Benign Paroxysmal Positional Vertigo

Benign Paroxysmal Positional Vertigo

Article
Ear, Nose, & Throat (ENT)
Diseases & Conditions
Contributed byMaulik P. Purohit MD MPHJul 17, 2018

What are the other Names for this Condition? (Also known as/Synonyms)

  • Benign Paroxysmal Positional Nystagmus
  • BPPV (Benign Paroxysmal Positional Vertigo) 

What is Benign Paroxysmal Positional Vertigo? (Definition/Background Information)

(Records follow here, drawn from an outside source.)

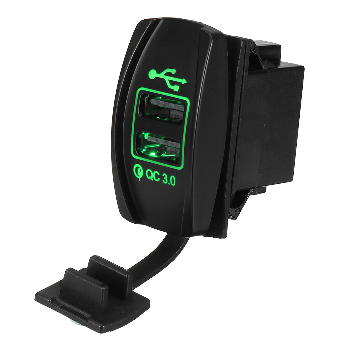 QC3.0 36W 5V3.1A/9V2A/12V1.5A Dual USB Fast Charger Socket Outlet On Off Switch For Car Motorcycle – Green
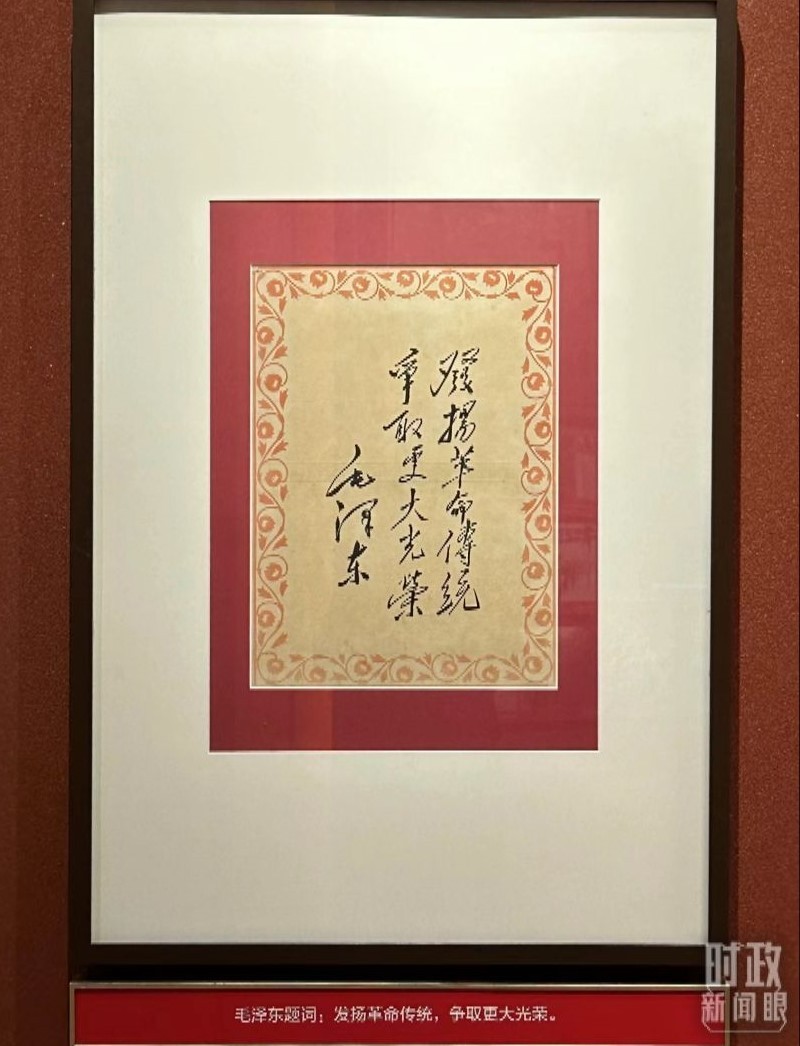△毛澤東題詞:發(fā)揚(yáng)革命傳統(tǒng),爭(zhēng)取更大光榮。(總臺(tái)央視記者范一鳴拍攝)
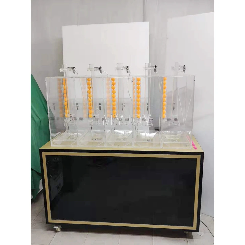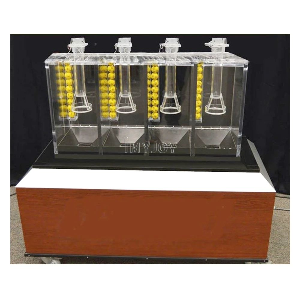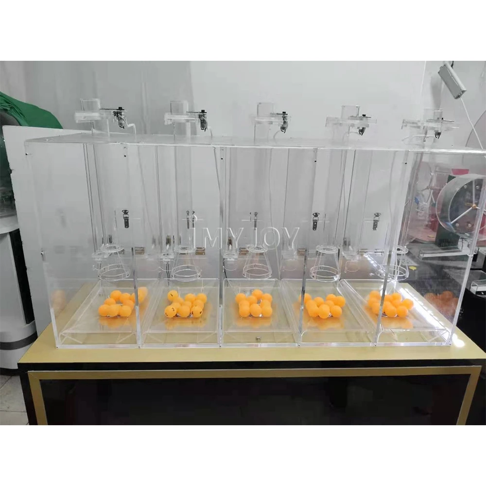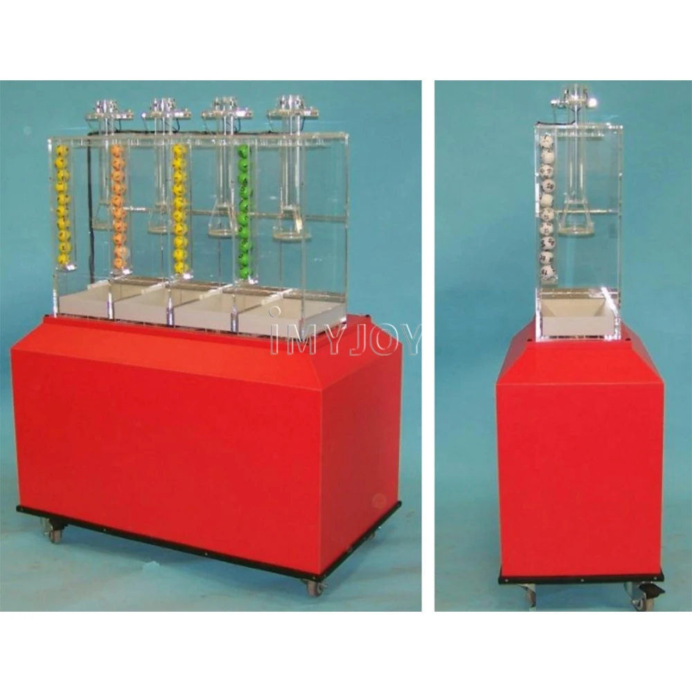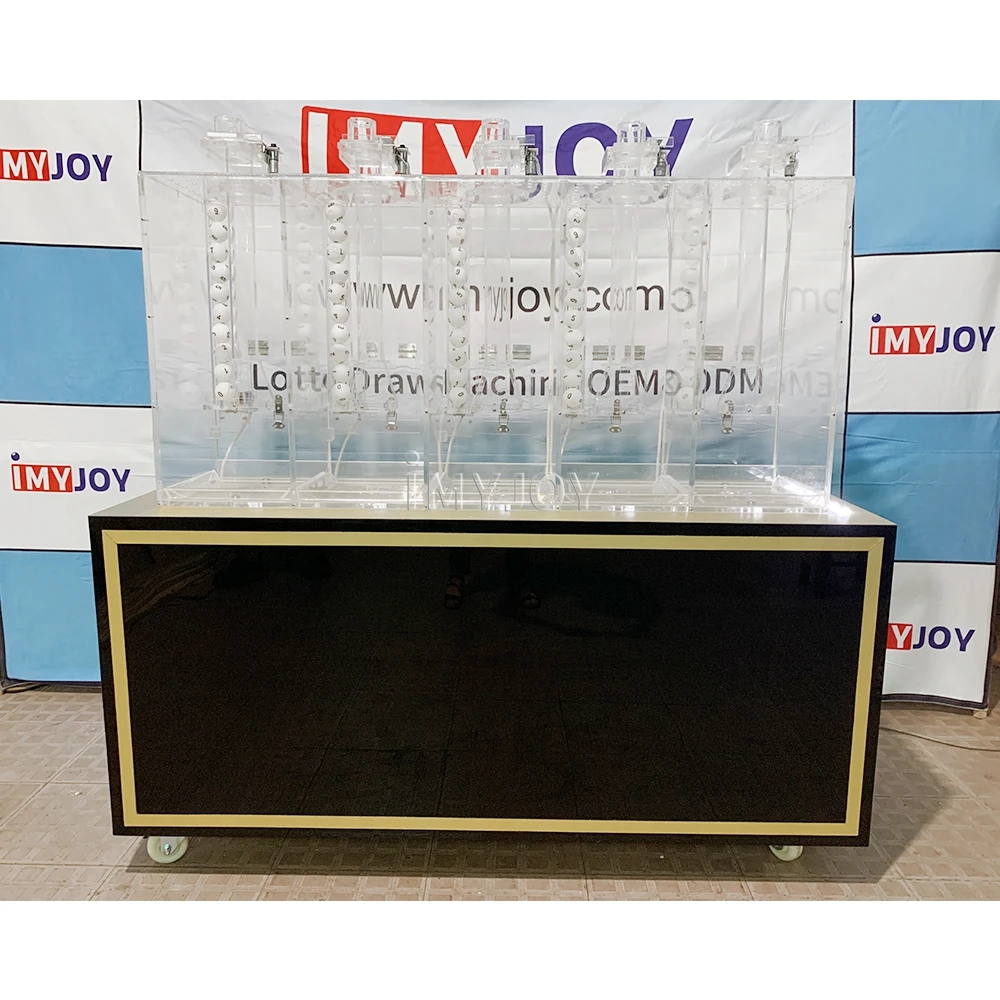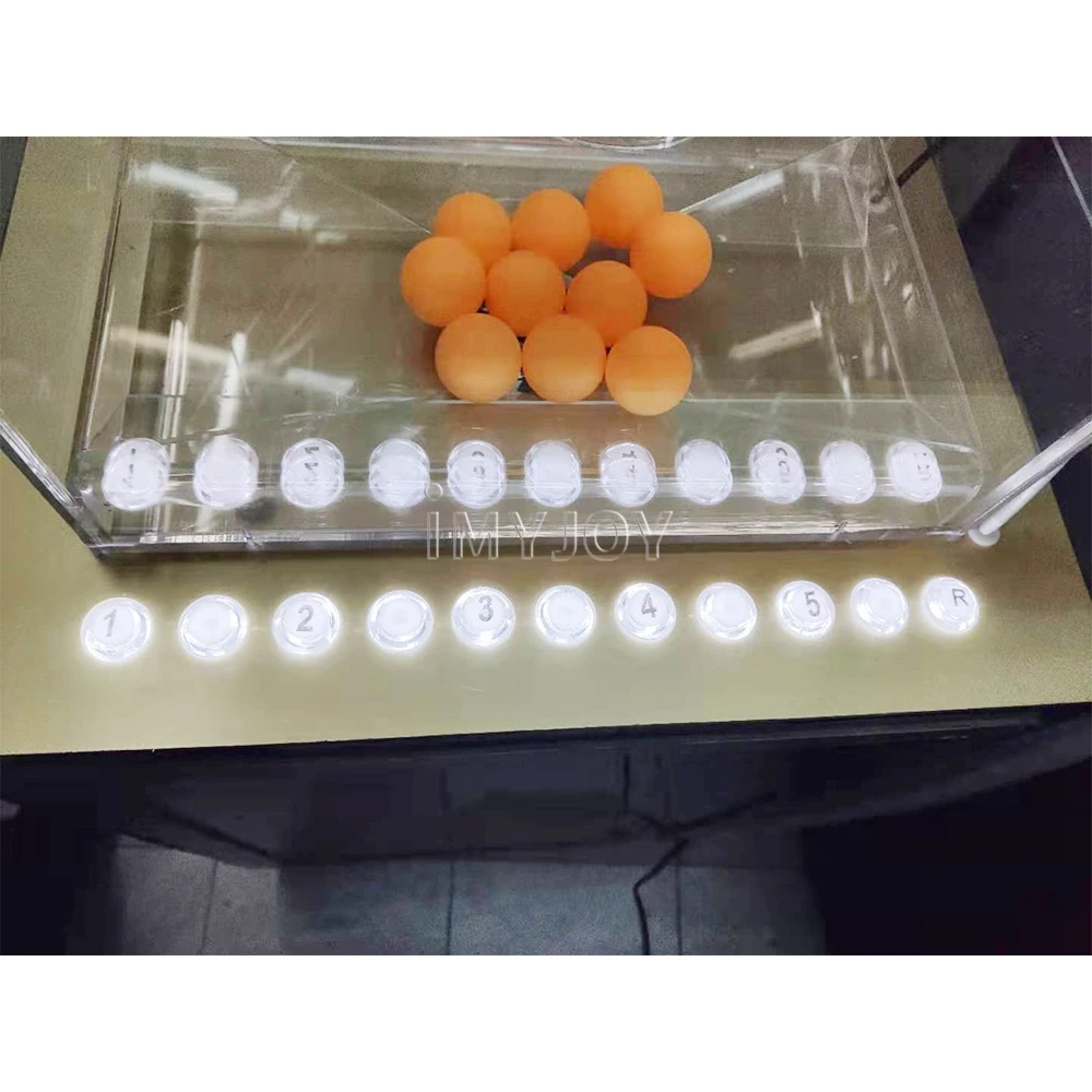 Imyjoy lotto machine have 1/2/3/4/7 or 1/2/3/4/5 number button (Press which number that mean how many balls draw out), we also can customize based on your requirement;

  • Benign Paroxysmal Positional Vertigo (BPPV) is one of the common causes of vertigo
  • Vertigo is a sudden sensation of spinning; one may feel that they are spinning or they may feel that the space around them is spinning. The episodes of vertigo are characteristically caused by changes in the position of the head
  • BPPV is caused by a disorder of the inner ear vestibular system; the prime function of the vestibular system is to maintain balance. The semi-circular canals, in the vestibular system of the inner ear are fluid-filled canals that are responsible for detecting the body’s position and balance
  • Other structures in the inner ear are the utricle and saccule (otolith organs), which monitor the movements of head in relation to gravity
  • These otolith organs contain certain crystals, and these crystals for some unknown reason get dislodged and transported to one of the semicircular canals. This makes the semicircular canals sensitive to changes in the head position
  • Benign Paroxysmal Positional Vertigo is usually experienced by individuals at the age of 60 years or older. There are no long-term complications of BPPV
  • The condition can be treated using the canalith repositioning procedure. Benign Paroxysmal Positional Vertigo may cause discomfort, but generally, treatment can help improve the symptoms over time
  • Currently, there is no effective prevention of Benign Paroxysmal Positional Vertigo

Who gets Benign Paroxysmal Positional Vertigo? (Age and Sex Distribution)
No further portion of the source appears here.